Jacqueline Luqman: You know, what you just said that that brief encapsulation of the history of solidarity really, that the Russian people and that the Russian government has had with the African liberation struggles over the decades is so important, I think to this conversation, because I think in some ways, we in the United States, even though we who are our Pan Africanist, understand and know a little bit of that history, most people do not so most people don’t understand and don’t know, they’re ignorant of the struggle against colonialism on the African continent. So they’re ignorant of the abuses, and they’re ignorant of their relationship with Russia and the continent. And in that context, do you think that the it’s that ignorance of this relationship that you just explained, that makes it difficult for us in the United States to understand why African nations are refused to condemn Russia and also why we have a difficult time, pulling back from literally cheering this war to continue In order to “support” Ukraine, as our government tells us, without having any consideration for the lives of the people who are caught in the middle of this war, as you said, who do who did not choose it, and who did not ask for it, most of whom are working class and poor people on the continent of Africa.

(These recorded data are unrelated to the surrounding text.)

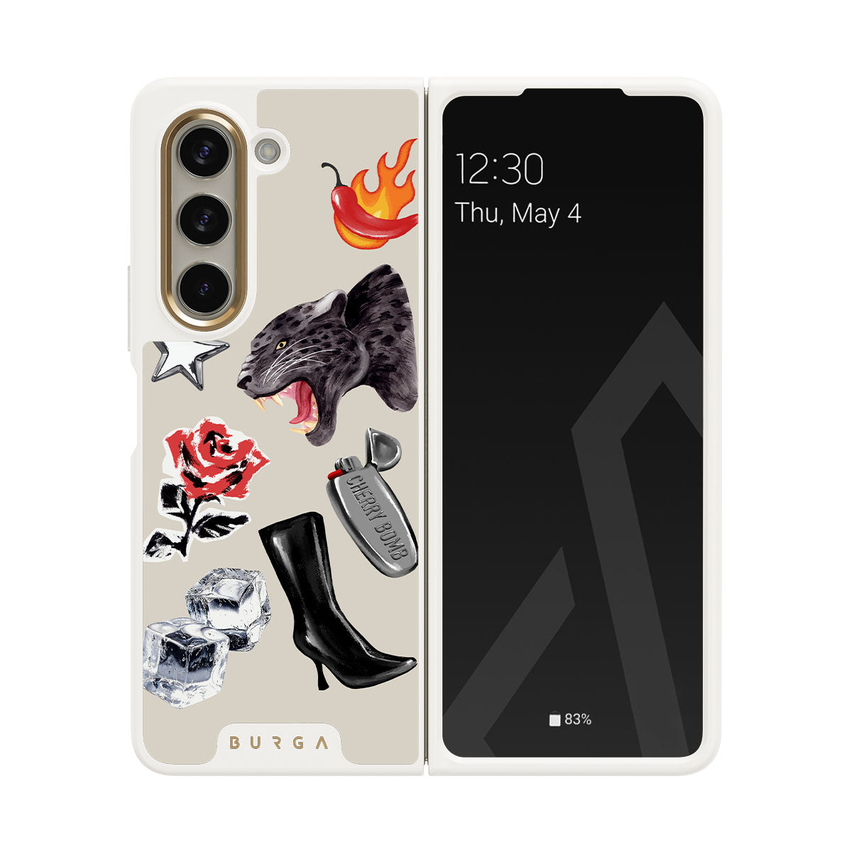 This design features: black panther, red rose, burning bell pepper, silver lighter, black knee-high boots, ice cubes, silver star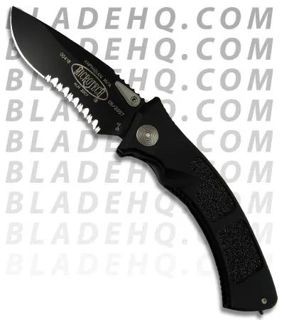 Super quality Microtech Amphibian manual knife. This knife opens via the thumb stud, left or right handed. Black handle and D2 black coated blade (partially serrated). Features glass breaker on the bottom of the handle. Pocket clip included.
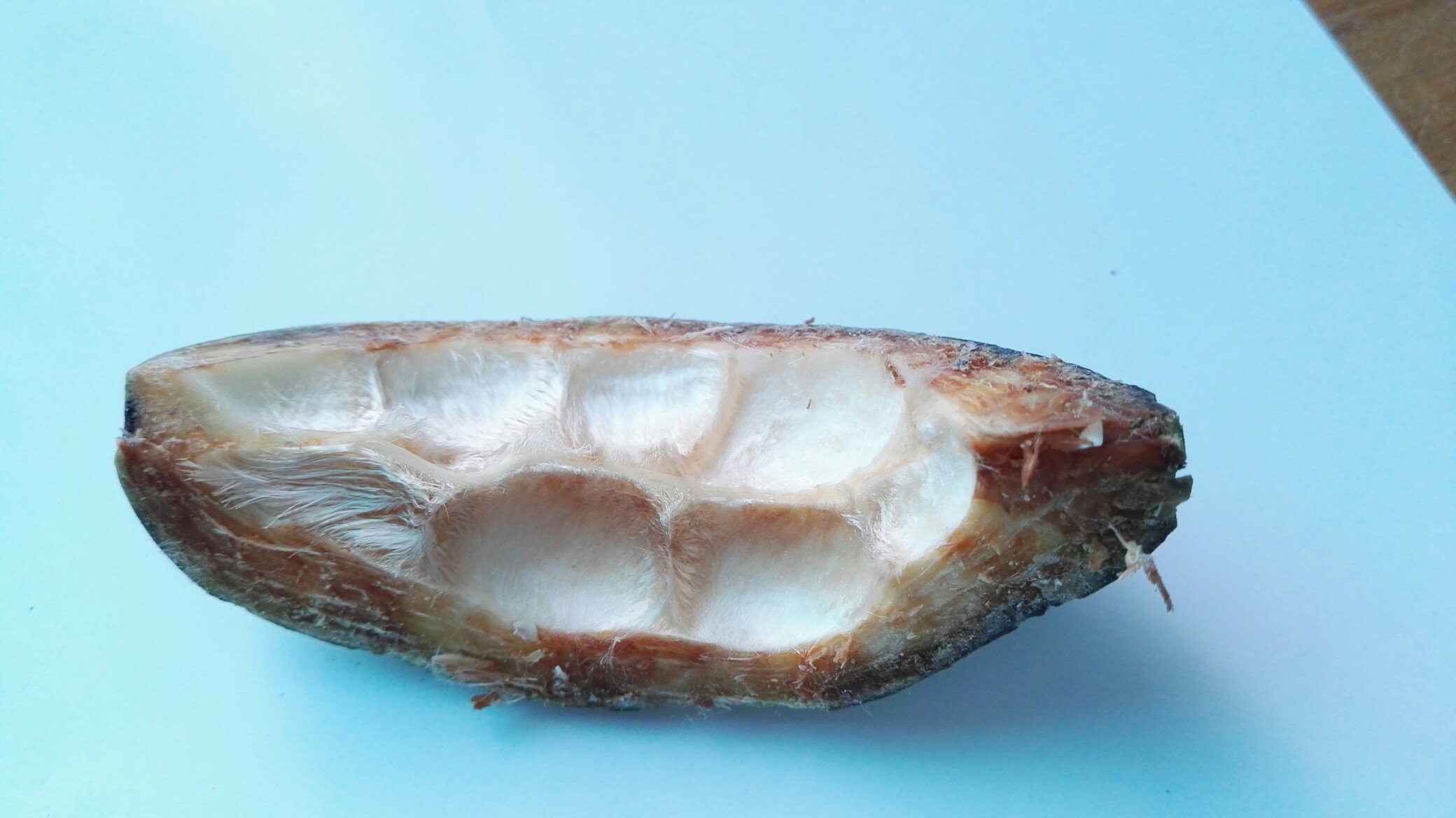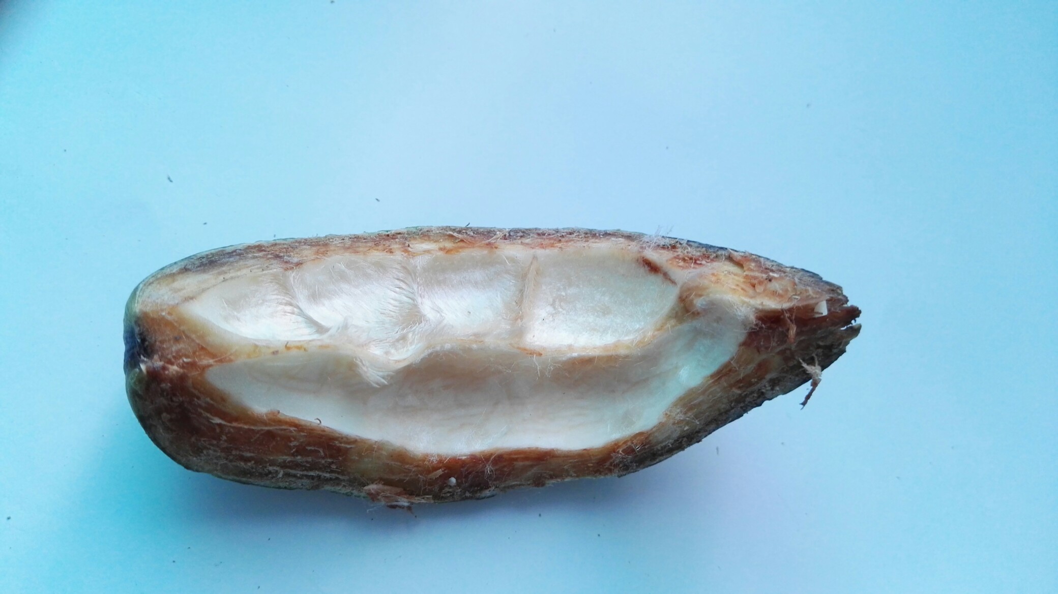 中间那一长条“隔断”倒是很坚硬的,不是棉毛。透过左侧那个小孔,我们可以看到下边儿的种子。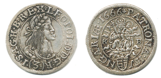 3 kr. 1666 KB jako Hus. 1465, tečka za čísl. "3 ." v nominále _zbytky patiny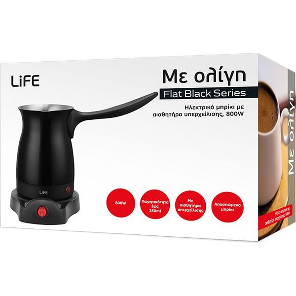 Το ηλεκτρικό μπρίκι LIFE "Με Ολίγη" της σειράς Flat Black συνδυάζει κομψό design και πρακτικότητα, προσφέροντας εύκολη και γρήγορη παρασκευή ελληνικού καφέ. Με ισχύ 800W και αισθητήρα υπερχείλισης, εξασφαλίζει ασφαλή και άνετη χρήση. Η αποσπώμενη κανάτα με ελεύθερη περιστροφή 360° διευκολύνει το σερβίρισμα, ενώ το cool touch χερούλι προσφέρει ασφαλή λαβή. Το ανοξείδωτο σώμα και η εσωτερική βάση διασφαλίζουν αντοχή και υγιεινή, ενώ το κρυφό θερμαντικό στοιχείο αποτρέπει τη δημιουργία αλάτων. Διαθέτει διακόπτη ON/OFF με φωτεινή ένδειξη λειτουργίας, καθώς και προστασία υπερθέρμανσης για επιπλέον ασφάλεια. Ιδανικό για την προετοιμασία ελληνικού καφέ με πλούσιο καϊμάκι, αλλά και για ζέσταμα νερού για τσάι και ροφήματα.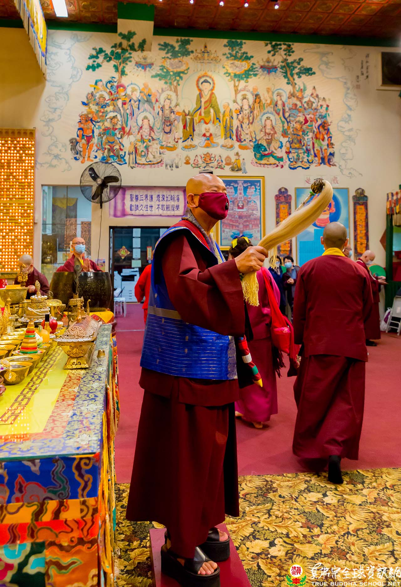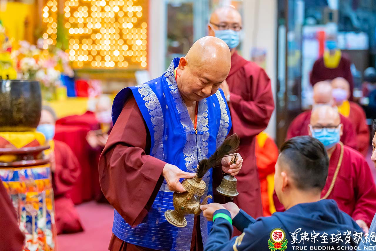 是日,從外地遠道而來的同門都遵守防疫守則,都戴上口罩及示別手環,陸續進入大雄寶殿坐下等候師尊的蒞臨。八時整,磬聲響起,在蓮花童子的咒音下大衆恭迎師尊。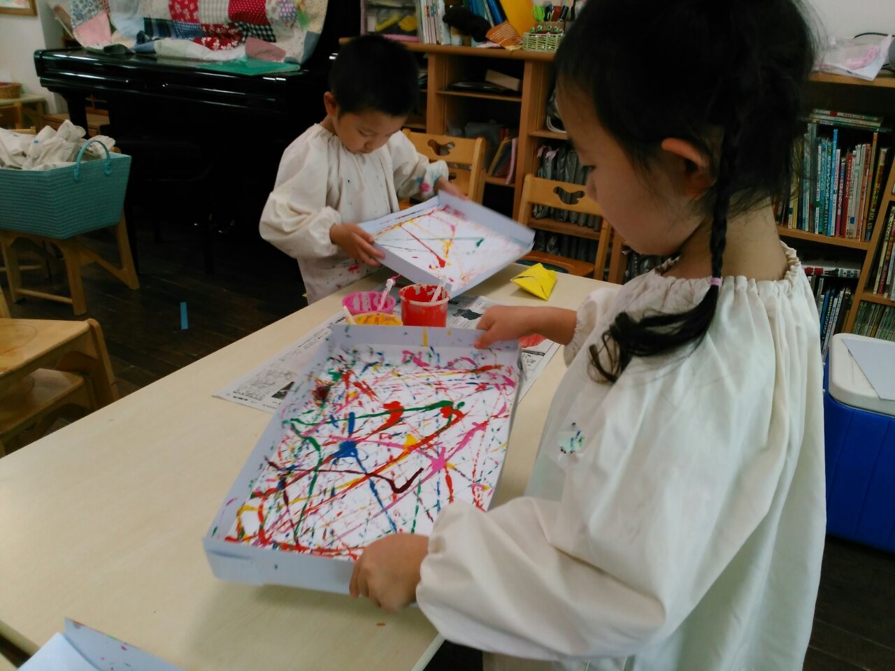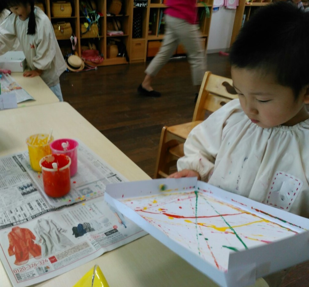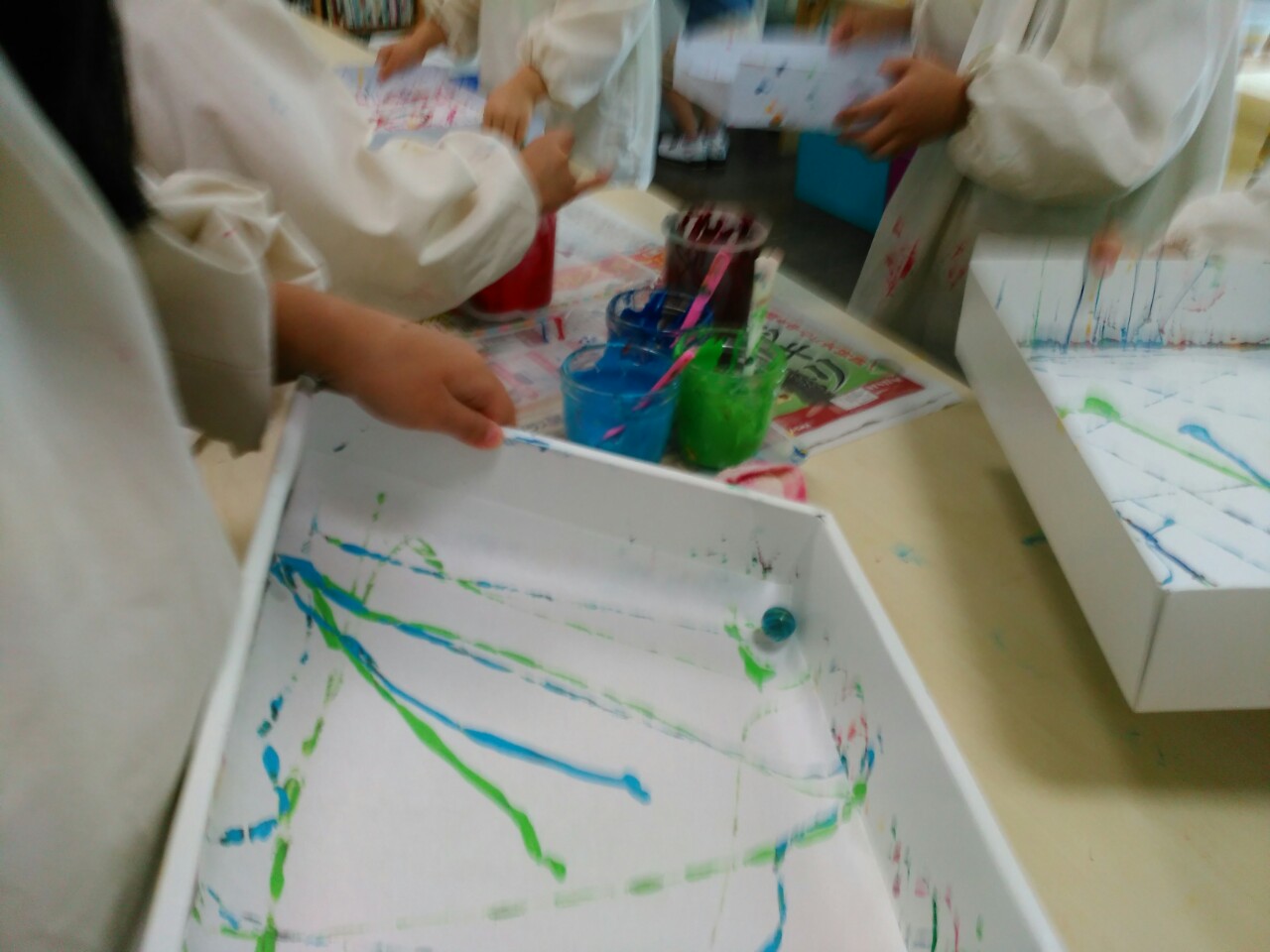 ビー玉転がし 今日のひとこま 2017.06.19 たんぽぽ組のお友だちはビー玉を使って遊ぶのが大好きです。 いつもはおままごとでご飯やお茶になったり、ブロックや積み木を組み立て、転がして遊んでいるビー玉に絵の具を付けて箱の中で転がしてみました。 「うゎー、迷路みたい」と言いながらゆっくり、また素早く転が す事に夢中になっていました。何種類もの色が混ざり合い、偶然できる世界で1つしかない模様ができました。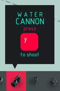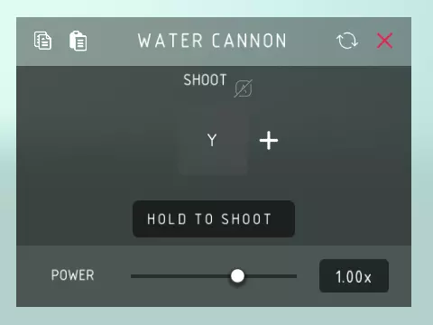 水炮射击: > 喷射水流。 长按射击: > 按住控制键进行射击,或通过控制键切换水炮的开启与关闭状态的功能。 威力: > 水炮推开物体的力量,以及水流的喷射距离。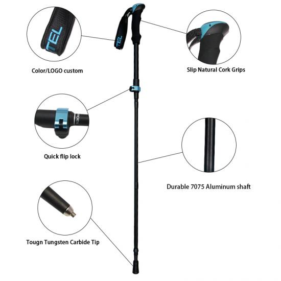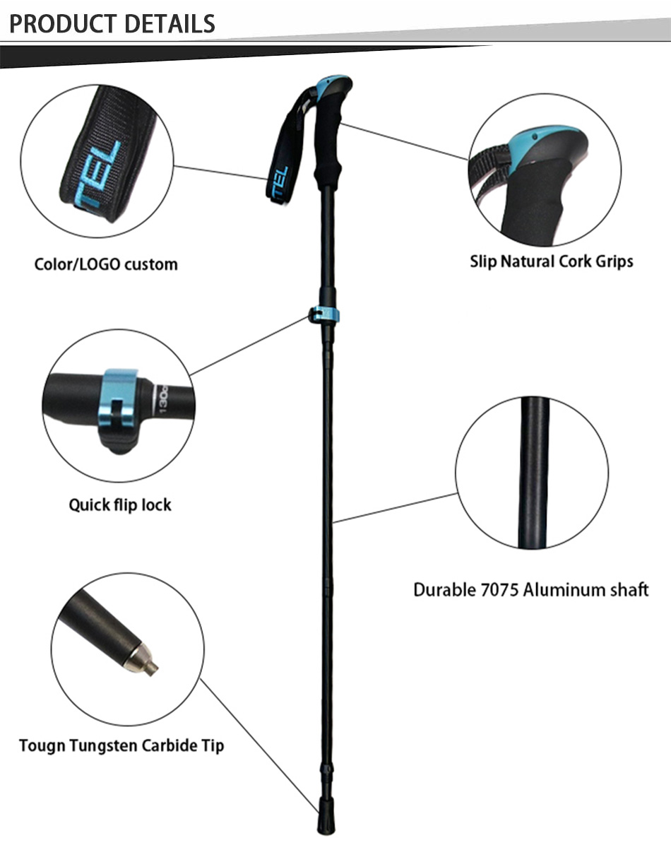 製品 : 5 セクションの 7075 アルミニウム合金製伸縮式折りたたみ式ウォーキングスティックは、軽量で強度があり、安全に調整でき、EVA ハンドルを備えているため、ハイキング、トレッキング、屋外ウォーキング中に快適で安定したサポートを提供します。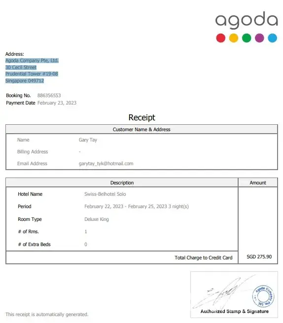 When I asked for recipt at the hotels upon checked out, they would not provide me a receipt and mentioned that Agoda would issue the receipt.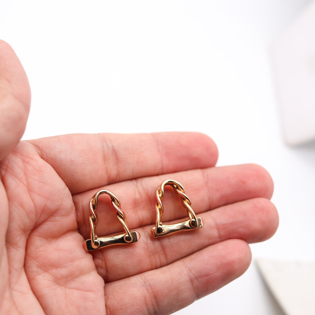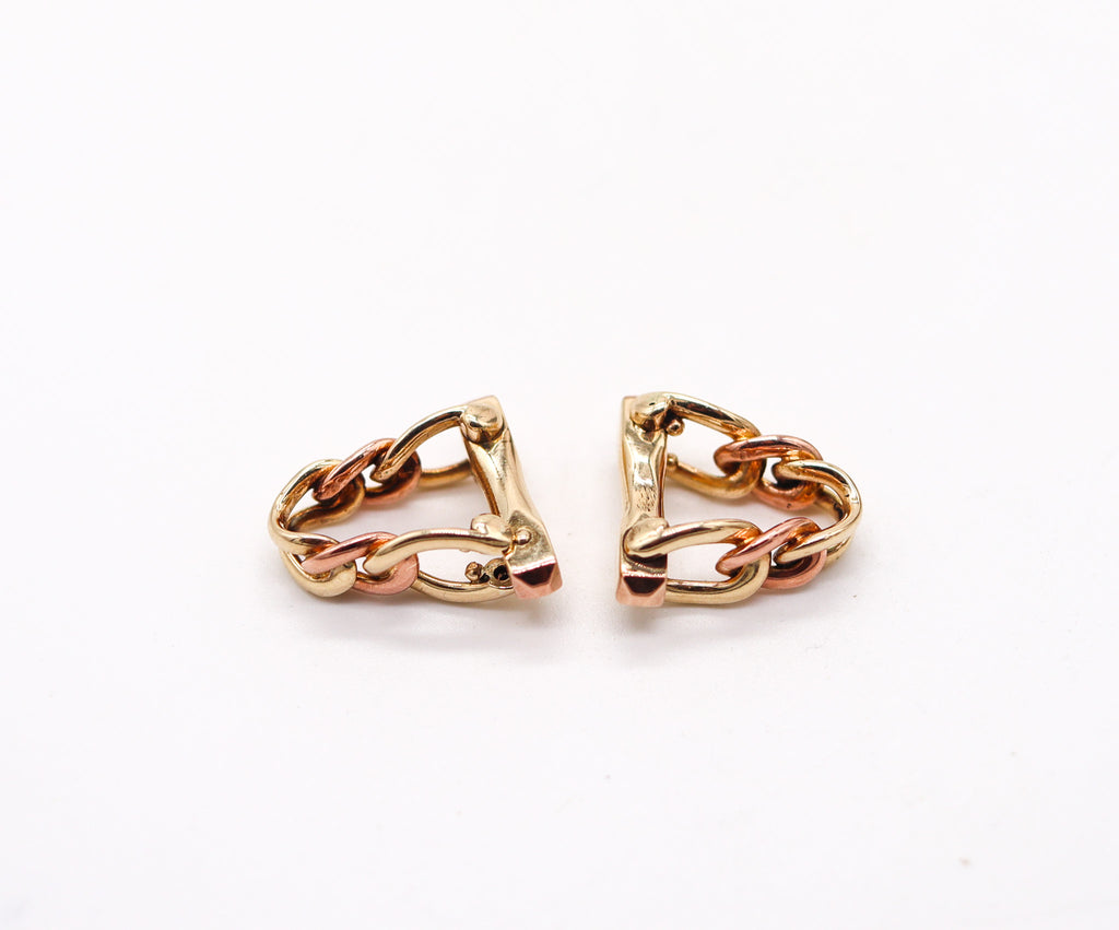 CARTIER London 1935 Art Deco Three-Color Stirrup Links Cufflinks In Solid 18Kt Gold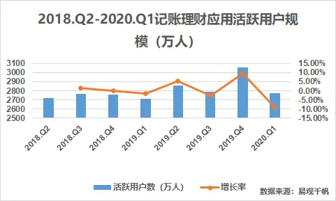 这种情况下,支付宝、微信或者某一手机系统的自动记账功能,就很难满足我们的记账需求。所以越来越多人开始下载专门的记账 App 。根据易观千帆 2020 年整理的数据,记账理财应用的活跃用户在 2700 万到 3000 万之间徘徊。

Dr. Fred M’Membe: Sometimes, it’s not only the issue of ignorance, sometimes the issue of arrogance, and the problem sometimes even racist attitudes. What is good for the goose is good for the gander. What’s good for America is also good for others. America would not tolerate what it wants Russia to tolerate on its borders. If Russia was to move into Mexico today or into Canada, and they do what the Americans and the Europeans are trying to do in Ukraine, I don’t think they would tolerate that. We have the 1962 Cuban Missile Crisis. Cuba is 90 miles away from Florida. But when the Soviet Union placed missiles there, there was a big crisis, which had to be resolved amicably. Why should Russia feel secure? With Ukraine, becoming a NATO member, and placing missiles on his border? These are issues that need to be guaranteed. What we need is adherence to the Minsk agreements. What is needed is security guarantees for Russia and Ukraine, which would also require Europe to develop an independent relationship with Russia that is not shaped by U.S. interests. There will also be need to have a reversal of Ukraine’s ultra-nationalist laws, and they return it to a much more plurinational… national compact. If in some sense negotiations and agreements regarding these essential matters do not materialize, it is likely that the dangerous weapons will face each other across the divides. And additional countries may be drawn into this conflict with a potential to spiral out of control. We don’t want this conflict to get out of control. There is a need for negotiations to end this war. And the negotiations, in our view center around the three principal issues. They’re returning to the Minsk agreements, security guarantees for Russia and Ukraine, reversal of ultra-traditionalist laws. This is not demanding too much. Of course, these are not simple issues. But there are issues that need to be addressed.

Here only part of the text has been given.